### Dataset records:
+===+
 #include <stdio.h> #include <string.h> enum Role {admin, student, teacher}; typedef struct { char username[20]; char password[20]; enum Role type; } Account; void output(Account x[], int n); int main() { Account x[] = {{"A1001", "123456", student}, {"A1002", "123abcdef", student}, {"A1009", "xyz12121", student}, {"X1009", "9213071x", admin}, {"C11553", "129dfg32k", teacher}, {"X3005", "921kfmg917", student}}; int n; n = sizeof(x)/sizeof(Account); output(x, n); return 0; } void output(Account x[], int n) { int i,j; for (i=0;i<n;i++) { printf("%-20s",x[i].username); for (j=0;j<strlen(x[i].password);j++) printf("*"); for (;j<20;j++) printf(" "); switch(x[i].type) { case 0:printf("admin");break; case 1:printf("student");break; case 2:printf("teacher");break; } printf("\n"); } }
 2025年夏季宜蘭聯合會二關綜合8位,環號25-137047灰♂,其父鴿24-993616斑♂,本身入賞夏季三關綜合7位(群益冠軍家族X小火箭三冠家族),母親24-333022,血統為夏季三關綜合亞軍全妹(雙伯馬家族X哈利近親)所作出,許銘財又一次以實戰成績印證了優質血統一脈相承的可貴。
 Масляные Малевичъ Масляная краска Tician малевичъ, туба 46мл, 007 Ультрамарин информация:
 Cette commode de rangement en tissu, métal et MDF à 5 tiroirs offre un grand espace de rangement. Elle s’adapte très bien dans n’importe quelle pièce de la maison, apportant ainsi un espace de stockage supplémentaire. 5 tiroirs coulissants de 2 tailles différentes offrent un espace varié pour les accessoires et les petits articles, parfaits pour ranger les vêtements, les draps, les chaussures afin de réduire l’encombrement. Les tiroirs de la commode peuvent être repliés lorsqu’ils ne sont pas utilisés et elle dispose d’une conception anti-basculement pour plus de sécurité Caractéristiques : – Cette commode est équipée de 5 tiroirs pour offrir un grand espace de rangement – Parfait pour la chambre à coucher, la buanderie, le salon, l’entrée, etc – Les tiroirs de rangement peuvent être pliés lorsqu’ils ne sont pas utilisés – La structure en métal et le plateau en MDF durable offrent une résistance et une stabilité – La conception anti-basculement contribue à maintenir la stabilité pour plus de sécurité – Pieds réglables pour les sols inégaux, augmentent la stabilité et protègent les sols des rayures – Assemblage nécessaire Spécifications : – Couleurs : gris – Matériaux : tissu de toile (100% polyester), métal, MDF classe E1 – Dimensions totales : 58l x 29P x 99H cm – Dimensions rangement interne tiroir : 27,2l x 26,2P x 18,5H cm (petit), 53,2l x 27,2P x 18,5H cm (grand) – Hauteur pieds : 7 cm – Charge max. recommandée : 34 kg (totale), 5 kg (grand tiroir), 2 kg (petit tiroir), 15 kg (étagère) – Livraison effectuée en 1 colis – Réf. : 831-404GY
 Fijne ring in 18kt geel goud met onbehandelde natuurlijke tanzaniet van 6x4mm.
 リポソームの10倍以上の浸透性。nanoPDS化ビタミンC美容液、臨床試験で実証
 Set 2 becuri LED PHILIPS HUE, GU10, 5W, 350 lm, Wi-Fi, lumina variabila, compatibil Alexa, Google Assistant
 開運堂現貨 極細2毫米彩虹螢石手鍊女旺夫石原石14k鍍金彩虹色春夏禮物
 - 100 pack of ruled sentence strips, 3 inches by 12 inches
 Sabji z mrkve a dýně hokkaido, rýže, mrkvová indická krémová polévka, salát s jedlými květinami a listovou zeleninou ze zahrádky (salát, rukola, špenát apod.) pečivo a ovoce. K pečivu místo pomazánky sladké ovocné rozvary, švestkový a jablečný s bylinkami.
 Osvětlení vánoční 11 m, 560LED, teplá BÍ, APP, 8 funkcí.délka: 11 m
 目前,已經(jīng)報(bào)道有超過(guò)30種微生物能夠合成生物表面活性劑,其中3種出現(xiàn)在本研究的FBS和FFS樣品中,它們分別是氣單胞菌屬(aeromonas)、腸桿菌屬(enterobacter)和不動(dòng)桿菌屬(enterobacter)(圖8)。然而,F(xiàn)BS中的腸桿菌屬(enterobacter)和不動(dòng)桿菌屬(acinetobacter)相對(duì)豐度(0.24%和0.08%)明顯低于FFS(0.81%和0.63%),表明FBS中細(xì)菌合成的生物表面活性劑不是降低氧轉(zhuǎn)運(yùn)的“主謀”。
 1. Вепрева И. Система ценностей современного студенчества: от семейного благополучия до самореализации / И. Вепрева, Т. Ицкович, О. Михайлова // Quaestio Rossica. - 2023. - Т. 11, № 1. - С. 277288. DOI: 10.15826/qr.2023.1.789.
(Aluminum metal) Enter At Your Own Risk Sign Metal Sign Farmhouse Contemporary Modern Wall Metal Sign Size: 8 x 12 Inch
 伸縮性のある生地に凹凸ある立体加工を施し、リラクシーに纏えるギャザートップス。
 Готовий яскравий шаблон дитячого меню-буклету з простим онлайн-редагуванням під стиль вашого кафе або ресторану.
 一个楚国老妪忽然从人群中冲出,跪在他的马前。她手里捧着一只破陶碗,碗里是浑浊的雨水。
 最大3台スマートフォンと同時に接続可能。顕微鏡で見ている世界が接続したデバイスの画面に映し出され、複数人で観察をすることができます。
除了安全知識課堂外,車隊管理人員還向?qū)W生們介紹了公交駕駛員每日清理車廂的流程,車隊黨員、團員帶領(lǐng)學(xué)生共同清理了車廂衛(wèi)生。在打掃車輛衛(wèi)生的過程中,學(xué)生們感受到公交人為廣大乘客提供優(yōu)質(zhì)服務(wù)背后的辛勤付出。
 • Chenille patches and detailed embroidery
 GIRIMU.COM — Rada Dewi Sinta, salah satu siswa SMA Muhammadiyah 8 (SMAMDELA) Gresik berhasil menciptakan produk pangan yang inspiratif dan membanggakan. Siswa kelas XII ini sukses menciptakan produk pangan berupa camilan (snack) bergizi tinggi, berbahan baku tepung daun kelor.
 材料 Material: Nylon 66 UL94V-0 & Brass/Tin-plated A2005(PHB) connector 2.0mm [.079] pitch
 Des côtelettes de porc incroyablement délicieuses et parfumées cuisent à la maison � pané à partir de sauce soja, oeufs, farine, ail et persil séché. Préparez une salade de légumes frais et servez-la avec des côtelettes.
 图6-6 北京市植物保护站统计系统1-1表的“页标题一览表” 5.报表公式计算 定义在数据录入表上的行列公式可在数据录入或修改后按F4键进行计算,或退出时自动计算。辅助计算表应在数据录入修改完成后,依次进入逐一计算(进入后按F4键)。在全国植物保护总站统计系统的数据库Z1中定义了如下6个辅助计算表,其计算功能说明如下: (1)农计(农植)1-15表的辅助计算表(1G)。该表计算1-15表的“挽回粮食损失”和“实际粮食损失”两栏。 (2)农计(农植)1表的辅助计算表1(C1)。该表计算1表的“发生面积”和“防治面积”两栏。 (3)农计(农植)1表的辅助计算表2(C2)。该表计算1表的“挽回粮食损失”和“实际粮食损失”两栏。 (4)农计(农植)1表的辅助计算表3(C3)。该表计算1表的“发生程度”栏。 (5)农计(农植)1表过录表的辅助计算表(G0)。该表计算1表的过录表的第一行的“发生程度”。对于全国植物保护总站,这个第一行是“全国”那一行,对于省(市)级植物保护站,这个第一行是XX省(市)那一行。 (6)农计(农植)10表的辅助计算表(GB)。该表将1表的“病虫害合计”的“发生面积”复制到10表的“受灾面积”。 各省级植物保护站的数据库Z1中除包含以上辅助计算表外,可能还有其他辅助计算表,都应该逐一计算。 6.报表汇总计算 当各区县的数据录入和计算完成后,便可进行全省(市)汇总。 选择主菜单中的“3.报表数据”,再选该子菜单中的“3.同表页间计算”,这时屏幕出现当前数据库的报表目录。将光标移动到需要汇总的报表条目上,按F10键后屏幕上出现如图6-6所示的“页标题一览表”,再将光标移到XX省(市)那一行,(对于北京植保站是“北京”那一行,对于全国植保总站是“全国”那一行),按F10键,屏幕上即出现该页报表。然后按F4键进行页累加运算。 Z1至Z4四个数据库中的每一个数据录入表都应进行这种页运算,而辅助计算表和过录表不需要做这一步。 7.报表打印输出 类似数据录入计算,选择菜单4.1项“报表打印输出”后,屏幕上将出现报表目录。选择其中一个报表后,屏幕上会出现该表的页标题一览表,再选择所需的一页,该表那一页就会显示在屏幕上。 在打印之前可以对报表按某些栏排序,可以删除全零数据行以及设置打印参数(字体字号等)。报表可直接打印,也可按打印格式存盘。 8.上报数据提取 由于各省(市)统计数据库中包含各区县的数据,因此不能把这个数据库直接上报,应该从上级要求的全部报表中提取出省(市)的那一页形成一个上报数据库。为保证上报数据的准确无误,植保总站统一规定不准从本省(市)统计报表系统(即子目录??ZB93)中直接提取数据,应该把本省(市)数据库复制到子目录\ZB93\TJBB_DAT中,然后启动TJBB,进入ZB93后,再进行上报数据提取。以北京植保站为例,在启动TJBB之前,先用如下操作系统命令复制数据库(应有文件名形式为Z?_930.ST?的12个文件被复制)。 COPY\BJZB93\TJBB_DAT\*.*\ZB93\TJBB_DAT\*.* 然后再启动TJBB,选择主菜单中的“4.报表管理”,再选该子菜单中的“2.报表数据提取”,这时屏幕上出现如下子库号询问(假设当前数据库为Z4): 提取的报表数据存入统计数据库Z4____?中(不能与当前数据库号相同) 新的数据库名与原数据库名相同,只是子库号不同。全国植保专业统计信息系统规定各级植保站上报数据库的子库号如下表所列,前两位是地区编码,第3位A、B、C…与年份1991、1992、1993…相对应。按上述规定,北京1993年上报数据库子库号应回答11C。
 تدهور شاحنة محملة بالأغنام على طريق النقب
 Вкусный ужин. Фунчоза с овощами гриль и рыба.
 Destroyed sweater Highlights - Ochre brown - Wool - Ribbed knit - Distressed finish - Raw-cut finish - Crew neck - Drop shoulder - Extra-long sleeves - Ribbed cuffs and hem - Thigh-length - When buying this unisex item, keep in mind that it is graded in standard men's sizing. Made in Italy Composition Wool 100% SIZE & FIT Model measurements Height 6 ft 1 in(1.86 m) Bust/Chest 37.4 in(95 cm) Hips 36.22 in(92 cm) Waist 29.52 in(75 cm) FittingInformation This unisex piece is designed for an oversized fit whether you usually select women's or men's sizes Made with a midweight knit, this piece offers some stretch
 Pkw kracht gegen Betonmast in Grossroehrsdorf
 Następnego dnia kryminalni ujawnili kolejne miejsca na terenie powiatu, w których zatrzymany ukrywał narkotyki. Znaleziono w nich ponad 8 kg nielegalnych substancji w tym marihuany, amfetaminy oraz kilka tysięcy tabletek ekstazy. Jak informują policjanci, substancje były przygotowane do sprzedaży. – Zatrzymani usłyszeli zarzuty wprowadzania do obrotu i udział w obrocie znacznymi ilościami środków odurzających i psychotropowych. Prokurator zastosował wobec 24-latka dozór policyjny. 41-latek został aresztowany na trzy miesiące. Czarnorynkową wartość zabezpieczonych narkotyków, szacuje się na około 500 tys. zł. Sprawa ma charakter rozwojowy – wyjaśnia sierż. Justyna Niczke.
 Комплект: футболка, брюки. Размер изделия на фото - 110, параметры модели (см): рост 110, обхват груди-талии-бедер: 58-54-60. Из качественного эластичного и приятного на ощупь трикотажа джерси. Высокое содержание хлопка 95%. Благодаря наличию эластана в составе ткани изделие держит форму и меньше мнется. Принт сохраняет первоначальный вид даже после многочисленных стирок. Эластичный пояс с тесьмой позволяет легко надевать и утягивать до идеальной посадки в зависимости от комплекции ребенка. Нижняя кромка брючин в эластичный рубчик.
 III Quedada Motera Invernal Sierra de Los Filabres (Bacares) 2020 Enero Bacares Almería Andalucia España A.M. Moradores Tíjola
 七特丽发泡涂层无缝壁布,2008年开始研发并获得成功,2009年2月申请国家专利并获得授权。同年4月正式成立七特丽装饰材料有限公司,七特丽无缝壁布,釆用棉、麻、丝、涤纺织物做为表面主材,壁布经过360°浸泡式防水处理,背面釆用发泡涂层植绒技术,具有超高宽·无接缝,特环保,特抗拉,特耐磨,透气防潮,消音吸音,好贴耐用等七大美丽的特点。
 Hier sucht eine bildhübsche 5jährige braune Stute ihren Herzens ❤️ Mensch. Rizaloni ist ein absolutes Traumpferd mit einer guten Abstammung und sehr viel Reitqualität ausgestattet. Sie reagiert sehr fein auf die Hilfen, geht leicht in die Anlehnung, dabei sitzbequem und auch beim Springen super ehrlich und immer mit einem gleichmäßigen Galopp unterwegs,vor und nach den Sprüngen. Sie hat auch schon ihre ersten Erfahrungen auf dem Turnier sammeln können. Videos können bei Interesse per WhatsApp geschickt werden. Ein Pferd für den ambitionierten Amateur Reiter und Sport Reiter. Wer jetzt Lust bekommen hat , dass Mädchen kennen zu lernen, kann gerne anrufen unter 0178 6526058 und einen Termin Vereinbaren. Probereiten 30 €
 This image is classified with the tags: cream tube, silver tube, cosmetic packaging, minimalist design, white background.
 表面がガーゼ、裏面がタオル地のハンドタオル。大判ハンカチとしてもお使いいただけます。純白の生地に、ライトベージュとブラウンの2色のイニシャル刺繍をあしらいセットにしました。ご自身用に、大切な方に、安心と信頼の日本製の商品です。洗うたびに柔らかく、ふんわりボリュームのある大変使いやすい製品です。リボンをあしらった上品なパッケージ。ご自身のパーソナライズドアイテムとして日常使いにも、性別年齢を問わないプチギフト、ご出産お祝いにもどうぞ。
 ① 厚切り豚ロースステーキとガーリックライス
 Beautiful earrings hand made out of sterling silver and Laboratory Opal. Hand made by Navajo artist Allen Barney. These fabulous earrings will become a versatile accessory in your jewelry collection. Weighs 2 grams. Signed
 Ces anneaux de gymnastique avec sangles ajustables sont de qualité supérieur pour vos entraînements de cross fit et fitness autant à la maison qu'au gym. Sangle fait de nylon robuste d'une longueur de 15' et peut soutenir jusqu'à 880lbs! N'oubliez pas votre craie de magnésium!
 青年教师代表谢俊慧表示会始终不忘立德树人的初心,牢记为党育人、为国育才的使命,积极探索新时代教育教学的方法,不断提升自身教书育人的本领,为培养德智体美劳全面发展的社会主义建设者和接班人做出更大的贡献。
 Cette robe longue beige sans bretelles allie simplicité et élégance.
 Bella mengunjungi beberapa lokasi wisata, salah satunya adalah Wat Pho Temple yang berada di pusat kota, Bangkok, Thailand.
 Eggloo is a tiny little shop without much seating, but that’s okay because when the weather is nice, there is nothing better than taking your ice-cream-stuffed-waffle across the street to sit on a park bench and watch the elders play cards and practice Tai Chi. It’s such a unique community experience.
+===+
### Problem statement:
Your answer must be an exact transcription of the lines from the one containing "Cette robe longue" through the last line of the records above, and nothing else.

### Problem solution:
 Cette robe longue beige sans bretelles allie simplicité et élégance.
 Bella mengunjungi beberapa lokasi wisata, salah satunya adalah Wat Pho Temple yang berada di pusat kota, Bangkok, Thailand.
 Eggloo is a tiny little shop without much seating, but that’s okay because when the weather is nice, there is nothing better than taking your ice-cream-stuffed-waffle across the street to sit on a park bench and watch the elders play cards and practice Tai Chi. It’s such a unique community experience.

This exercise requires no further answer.